Objective: In 2 studies, we examined the ability of dietary protein and potassium to predict markers of bone metabolism.
Design: In the first study, 8 pairs of male identical twins were assigned to 1 of 2 groups: bed rest (sedentary, or SED, group) or bed rest with supine treadmill exercise in a lower-body negative pressure chamber (EX group). In a second study, groups of 4 subjects lived in a closed chamber for 60 or 91 d, and dietary data were collected for two or three 5-d sessions. Urinary calcium, N-telopeptide, and pyridinium cross-links were measured before bed rest; on bed rest days 5-6, 12-13, 19-20, and 26-27; and daily during the chamber studies. Data were analyzed by Pearson's correlation (P < 0.05).
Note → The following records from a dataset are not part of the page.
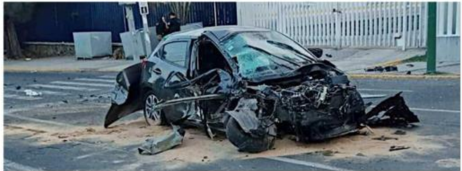
Las jóvenes viajaban en un vehículo compacto.

La menor tuvo una sola lesión, mientras que la mayor recibió dos impactos en el estómago, así como algunas contusiones.
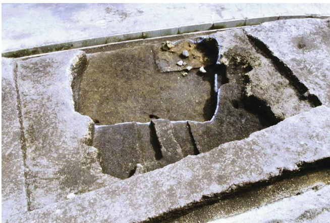
1. 451-SI2 遺物出土状況（西から）
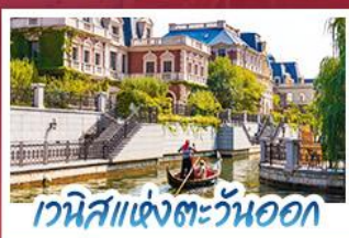
เวนิสแห่งตะวันออก
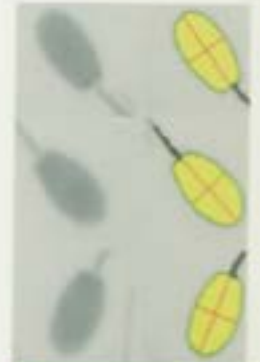
Imagen obtenida de una muestra de semen a través del programa informático que determina las medidas de cada espermatozoide.
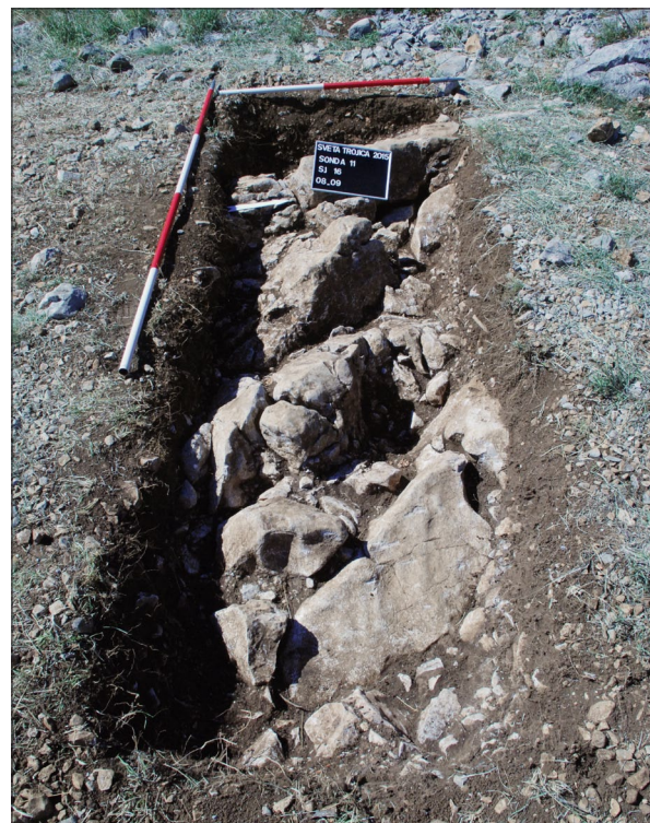
Sl. 2 Sonda 11 na kraju istraživanja.

Prikupljena pokretna građa potvrđuje dosadašnje zaključke o intenzivnom korištenju tog gradinskog položaja tijekom druge polovice 1. tis. pr. Kr. S obzirom na odsustvo nalaza koji odgovaraju onima iz sondi istraženih na južnim obroncima naselja, moguće je da slojevi istraživani ove sezone pripadaju najstarijoj fazi samog gradinskog naselja. Posebno vrijedi istaknuti ostatke podnice koji predstavljaju jedine do sada zabilježene strukture koje bi se mogle povezati sa stambenom infrastrukturom. Istraživanjima 2015. godine završen je ciklus istraživanja u sklopu trogodišnjeg financiranja odobrenog od Ministarstva kulture, no dosadašnji rezultati upućuju na važnost nastavka istraživanja na ovom iznimnom položaju. Predstoji obrada cjelokupne keramičke i metalne građe kao i životinjskih kostiju kojima će se dobiti bolji uvid u gospodarske, kronološke i kulturoške osobitosti protopovijesnog naselja. S obzirom na
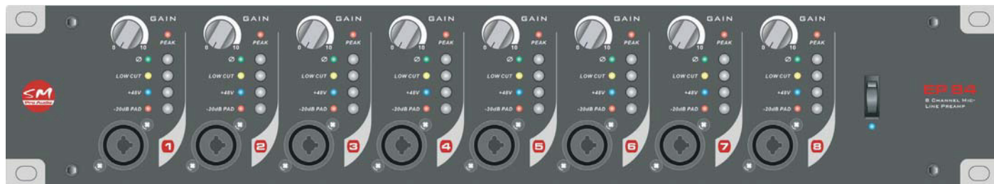
Передняя панель предусилителя EP84

С каждой стороны передней панели предусилителя имеются надежные крепежные проушины для монтажа на стойке. Просто установите предусилитель на стойку в доступное место высотой 2 стойко-места и закрепите его болтами/винтами.
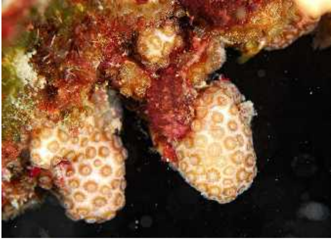
Slika 8. Nekroza tkiva kod kamenog koralja Madracis pharensis
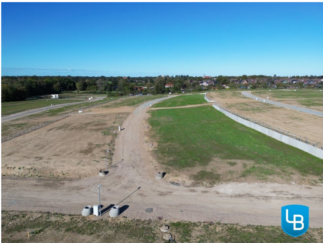
Sonniges Grundstück wartet
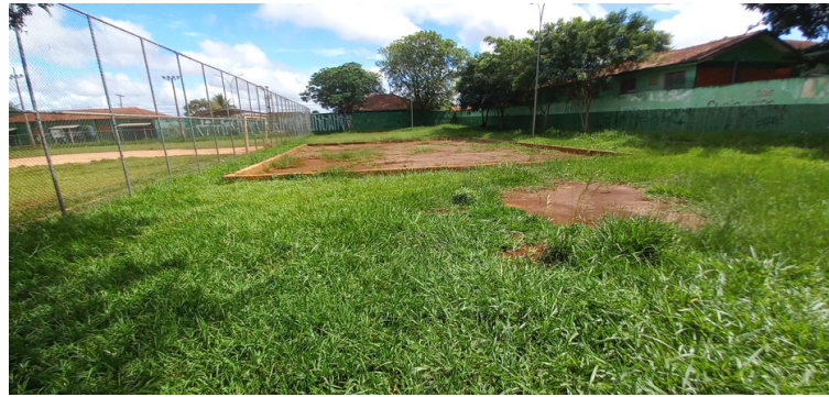
Foto 5 - Quadra de areia com mato alto e sem areia.
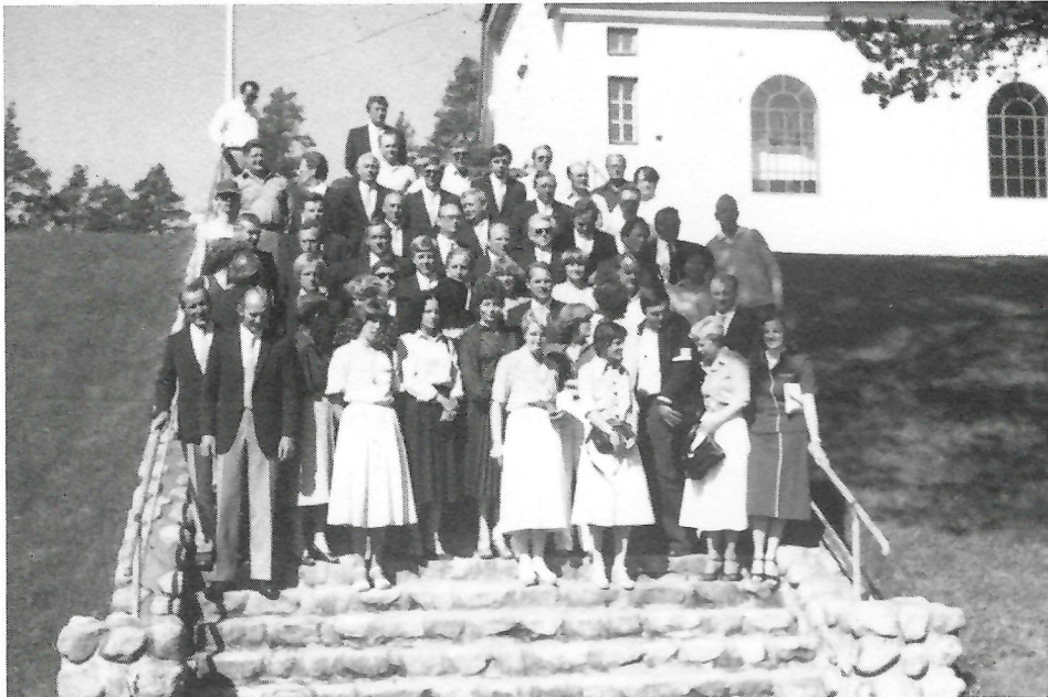
Der Kaunitzer Männer-Chor nebst Angehörigen nach dem gemeinsamen Kirchenbesuch in Jämsänkoski. Es wurden Lieder aus der Schubert-Messe gesungen.

Am 5. Juni 1980 startete unser Chor zum Gegenbesuch nach Finnland. 54 Damen und Herren machten sich auf die große Reise. Am Abend des 5. 6. bestiegen wir die bequeme »Finnjet« mit Kurs auf Helsinki. 24 Stunden schaukelten wir auf der Ostsee. Von Helsinki ging es mit dem Bus 250 km über Autobahnen und Straßen zu unserem Zielort Jämsänkosken Laulumiehet in Mittelfinnland. Am späten Freitagabend wurde uns ein herzlich-warmer Empfang bereitet. Die Wiedersehensfreude war groß. Neben den musikalischen Auftritten ist die Geselligkeit nicht zu kurz gekommen. Allen Teilnehmern wird die Finnlandreise unvergessen bleiben. Denn die Bande bestehen heute noch.
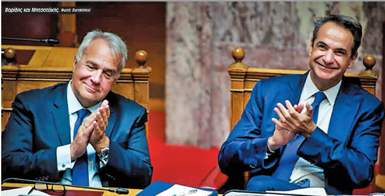
Βορίδης και Μητσοτάκης.
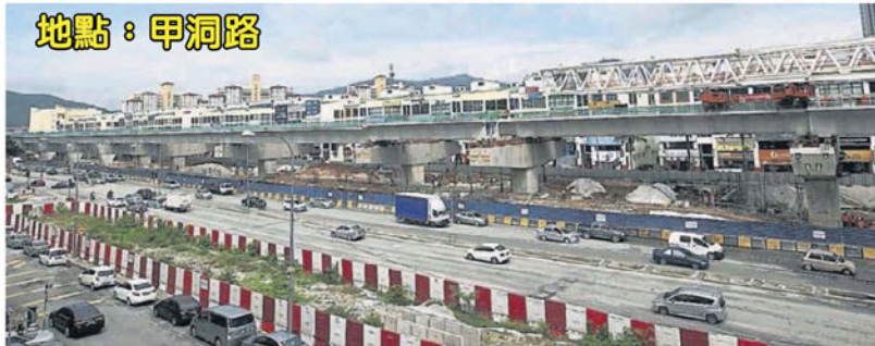
■捷运第二干线双溪毛糯—沙登—布城路线工程施工，造成甲洞路地下水管破裂，路面坑洞处处。
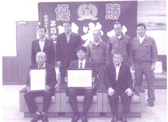
遠洋鯉漁船で優勝した「第111日光丸」の表彰
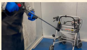
①車椅子歩行器の洗浄作業
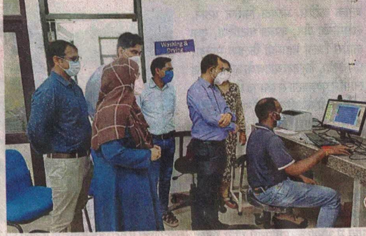
एलाइजा मशीन का इंस्टालेशन के बाद डाक्टर व टेक्नीशियन को प्रशिक्षण देते हुए सर्विस इंजीनियर। ● नईदुनिया
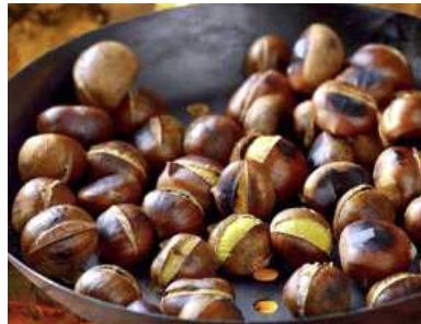
구운밤 (Hạt Dẻ Rang)
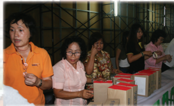
การจัดเรียงขั้นสุดท้าย
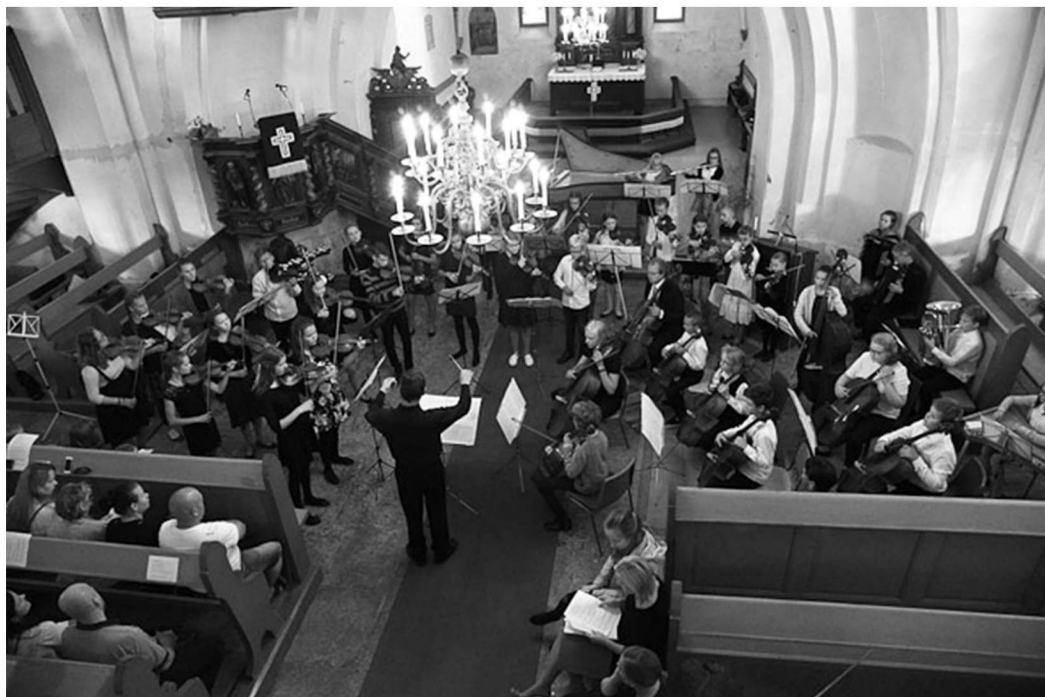
Suvelaagri lõppkontsert „Muusikameri“
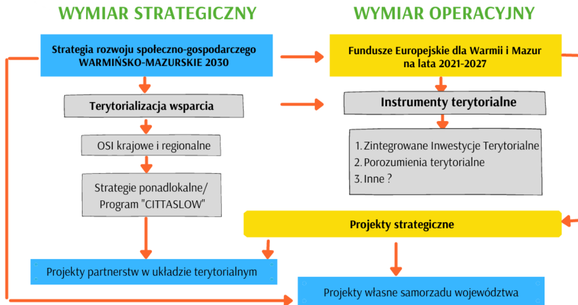
Rysunek 1. Zarządzanie rozwojem województwa warmińsko-mazurskiego do roku 2029 w wymiarze strategicznym i operacyjnym - schemat procesu identyfikacji projektów strategicznych
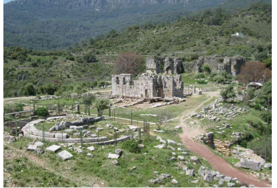
Fiskos (Beldibi, Asartepe)
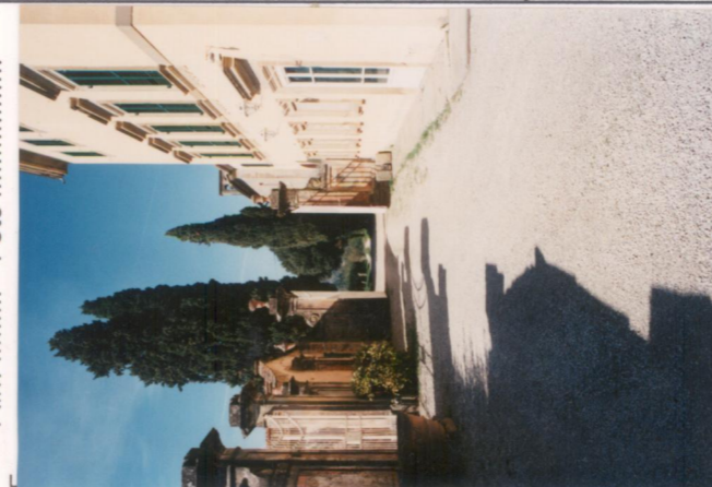
p.v. N. 3. Idem. (controcampo)
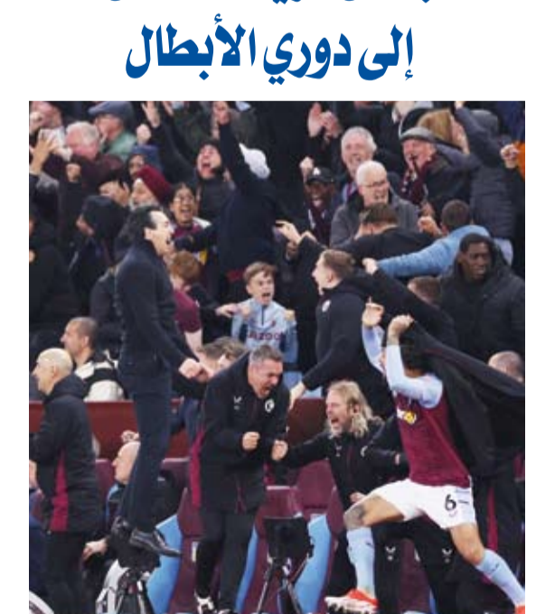
استون فيلا فريق الأمير وليام المفضل

احتفل الأمير ويليام ولي العهد البريطاني وأمير ويلز بتأهل فريقه المفضل أستون فيلا إلى دوري أبطال أوروبا لأول مرة منذ 4 عقود، وذلك بعد فوز مانشستر سيتي على توتنهام. ونشر الأمير ويليام على حساب "كيبسينغتون رويال" الذي يتشاركه مع زوجته كاثرين: نحن في دوري الأبطال! موسم تاريخي وإنجاز مذهل. شكرا أو تاي، شكرا للفريق ككل ولكل من بالنادي. لا يمكنني الانتظار للموسم المقبل. وستكون هذه هي المشاركة الأولى للفريق منذ ظهوره الأخير في كأس الأندية الأوروبية البطلة في موسم 1982 - 1983. وكان الفريق توج بلقب بطل أوروبا موسم 1982-1981 بعد أن سجل بيتر ويت الهدف الوحيد في المباراة النهائية التي أقيمت في روتردام أمام بايرن ميونخ.
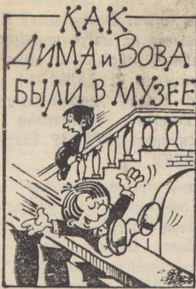
Рис. О. КОРНЕВА.

Дима и Вова гуляли по улицам и сильно замерзли.
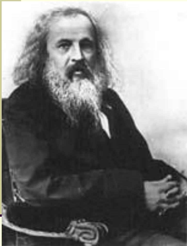
Дмитрий Иванович Менделеев
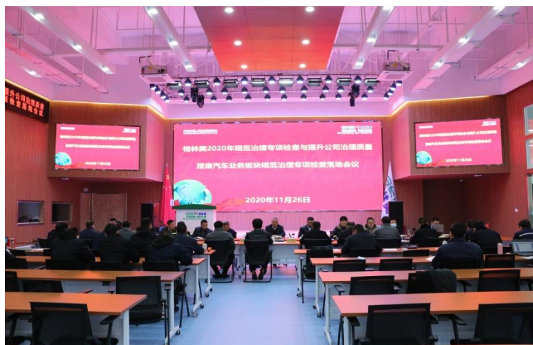
公司规范化治理专项检查与提升治理质量工作会议

率先响应，周密部署，层层推进。2020 年 11 月 19 日，深圳证监局举办辖区提高上市公司质量大会。2020 年 11 月 22 日，公司第一时间响应并发出《关于开展 2020 年度经营规范治理专项检查与提升公司治理质量的通知》，成立以公司董事长为组长的公司经营规范化专项检查与提升治理质量工作组，启动开展公司治理专项检查与提升行动，针对不同业务板块制定了详细的工作计划，召集公司董监高、财务部、内审部、证券部等相关人员以及各业务板块管理人员分别在深圳、武汉、江西、江苏、荆门召开五场动员会，从时间、空间上层层推进，按照目标与计划完成自查、整改、验收等工作。
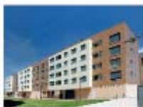
Residencial Las Murallas, Zabalgana VITORIA-GASTEIZ
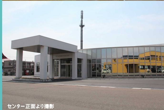
センター正面より撮影
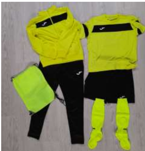
Dres a oblečení pro přípravku a žáky

Results: The ratio of animal protein intake to potassium intake was significantly correlated with N-telopeptide in the SED group during bed rest weeks 3 and 4 (r = 0.77 and 0.80) and during the 91-d chamber study (r = 0.75). The ratio of animal protein intake to potassium intake was positively correlated with pyridinium cross-links before bed rest in the EX group (r = 0.83), in the EX group during bed rest week 1 (r = 0.84), and in the SED group during bed rest week 2 (r = 0.72) but not during either chamber study. In both studies, these relations were not significant with the ratio of vegetable protein intake to potassium intake.
Conclusions: The ratio of animal protein intake to potassium intake may affect bone in ambulatory and bed-rest subjects. Changing this ratio may help to prevent bone loss on Earth and during space flight.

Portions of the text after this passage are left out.